STUDY MATERIAL:
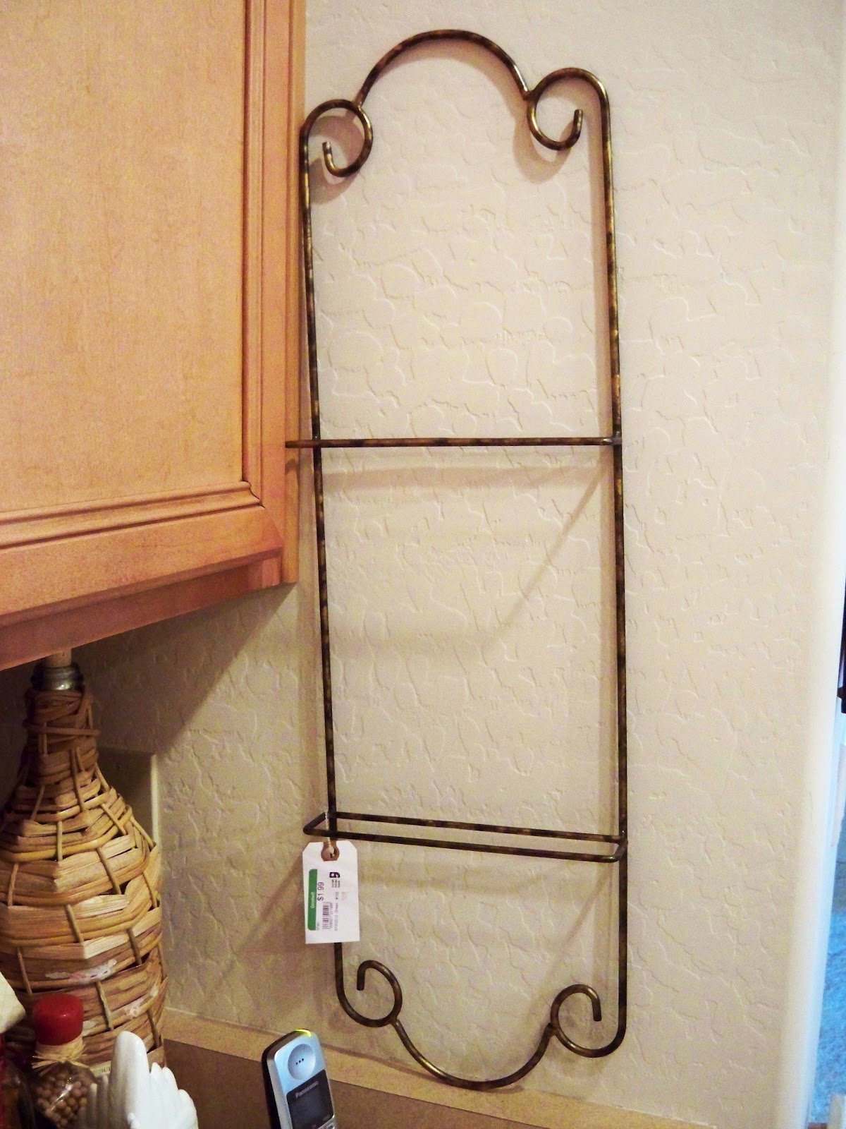 I live in a house with very little wall space. Windows everywhere, and in the kitchen there are no walls at all. Just tiny slivers at the end of the cabinets, so when I found this plate rack at GW for $1.99, I knew it would fit on one of those small slivers of space.
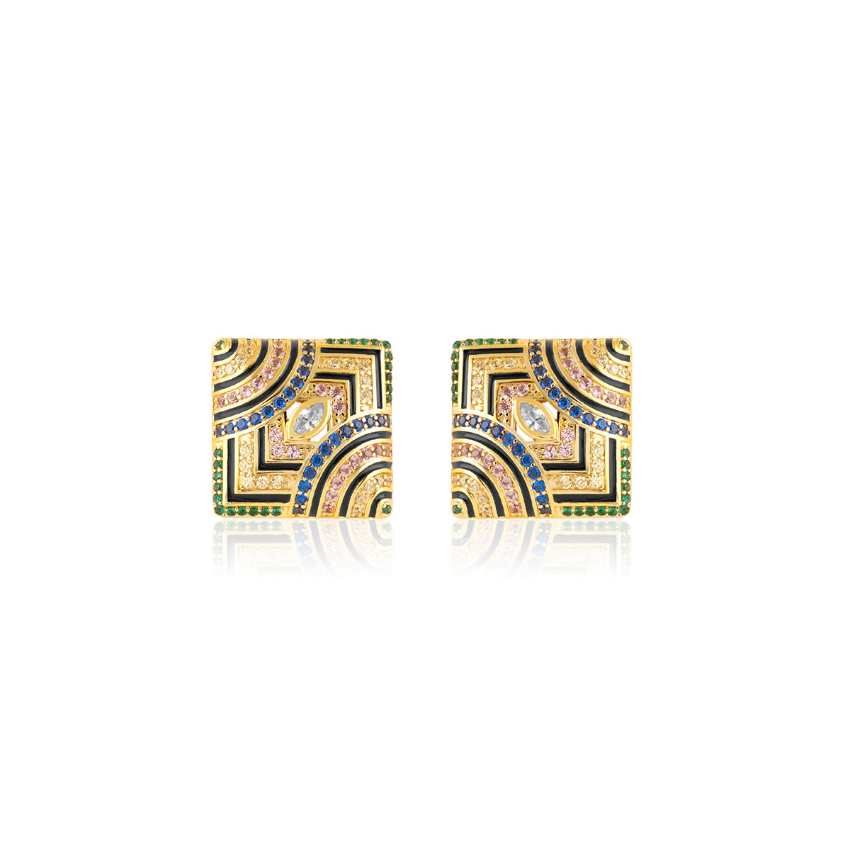 Step into surreal sophistication with these multicolour earrings. Crafted in brass with 18k gold plating, enamel work and crystal zirconia, they’re stackable, striking, and hypoallergenic. Perfect for cocktail nights and parties. Style boldly—shop I For Isharya’s latest edit.
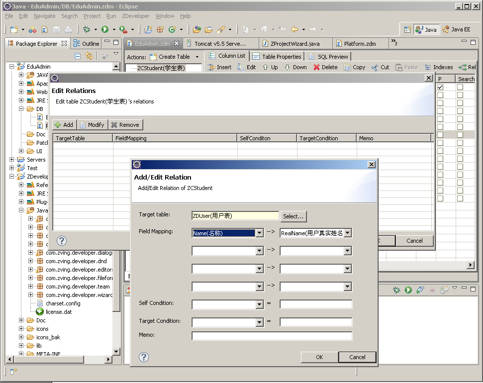 ZDeveloper也可以管理表和表之间字段的对应关系,在“Column List”界面点击“Relations”按钮,弹出关系管理界面,如下图所示:
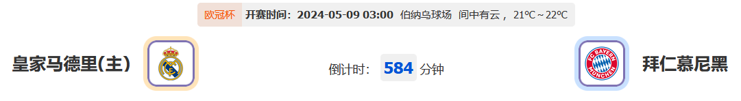 北京时间5月9日03时00分,欧冠杯2023-2024准决赛,皇家马德里vs拜仁慕尼黑,来自西甲霸主和德甲豪门的二回合交锋,双方在首回合为我们带来了一场酣畅淋漓的进球大战,本回合主客互易之后双方的形势会否发生太大变化?我们一起拭目以待!
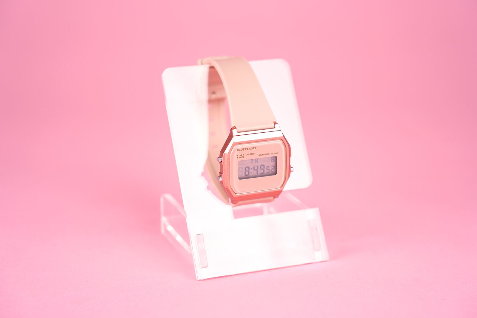 シンプルで使いやすい、オリジナルデザインのアクリル製ウォッチスタンドです。
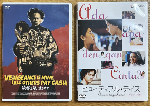 日本でDVD販売されたインドネシア映画『ビューティフルデイズ』(2002年、右)と『復讐は私にまかせて』(2021年、左)。最終閲覧日:2025年8月10日
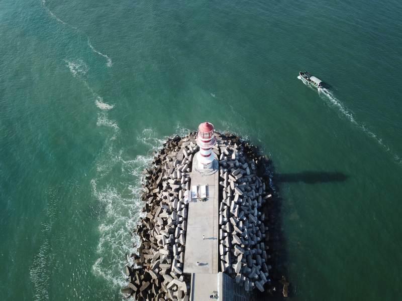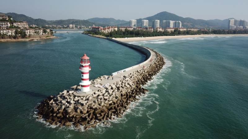 万宁灯塔与岩石堤坝
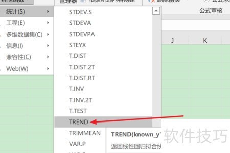 6、 在弹出的子菜单里,点击选择TREND函数。
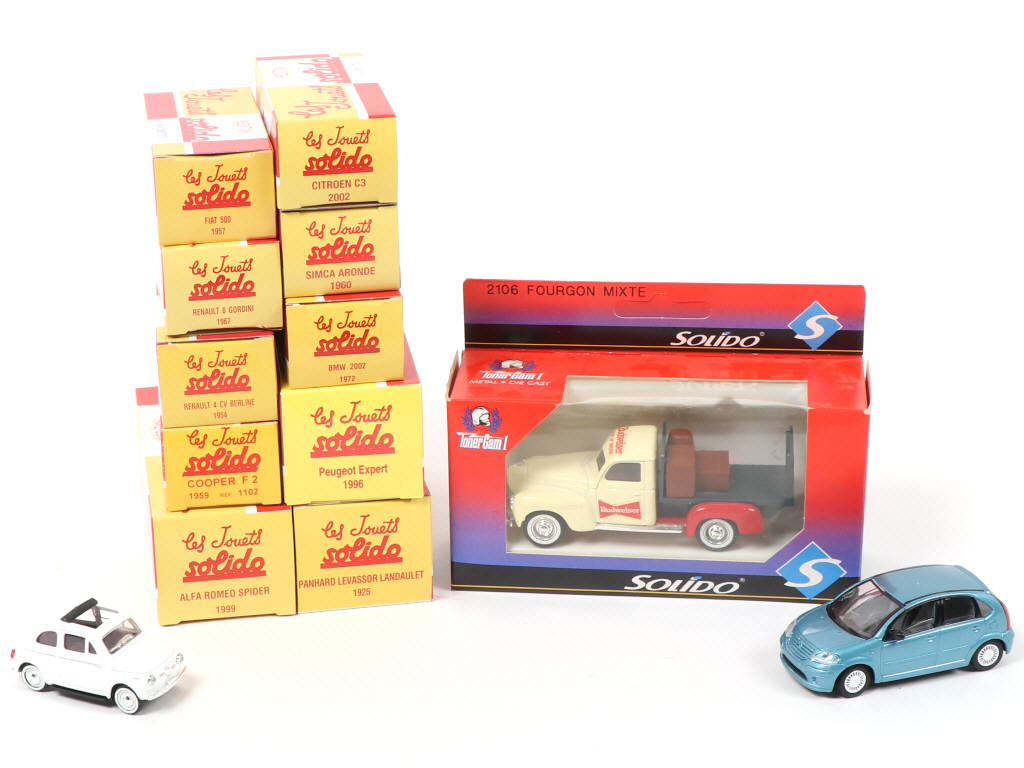 on y retrouve la collection 'LES JOUETS SOLIDO' - quelques accrocs plus ou moins importants sur les boîtes - on y joint un FOURGON MIXTE 2106
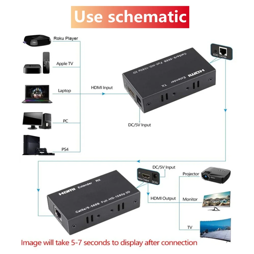 El extensor HDMI de 60 M extiende la señal HDMI hasta 60 metros a través de un solo cable Ethernet de un solo cable o CAT-6 (recomendado), rompe la limitación de la longitud de la transmisión HDMI, y ahorro de costos para la transmisión de larga distancia HDMI, para que otros proyectos y cableado doméstico sean más estables y eficientes, ahorrando significativamente el costo del cliente.

EXERCISE DETAILS:
Leaving out the pictures, restate word for word the lines above from the one containing "日本でDVD販売されたインド" through the end of the records, both ends included.

REPLY TO THE TASK:
 日本でDVD販売されたインドネシア映画『ビューティフルデイズ』(2002年、右)と『復讐は私にまかせて』(2021年、左)。最終閲覧日:2025年8月10日
 万宁灯塔与岩石堤坝
 6、 在弹出的子菜单里,点击选择TREND函数。
 on y retrouve la collection 'LES JOUETS SOLIDO' - quelques accrocs plus ou moins importants sur les boîtes - on y joint un FOURGON MIXTE 2106
 El extensor HDMI de 60 M extiende la señal HDMI hasta 60 metros a través de un solo cable Ethernet de un solo cable o CAT-6 (recomendado), rompe la limitación de la longitud de la transmisión HDMI, y ahorro de costos para la transmisión de larga distancia HDMI, para que otros proyectos y cableado doméstico sean más estables y eficientes, ahorrando significativamente el costo del cliente.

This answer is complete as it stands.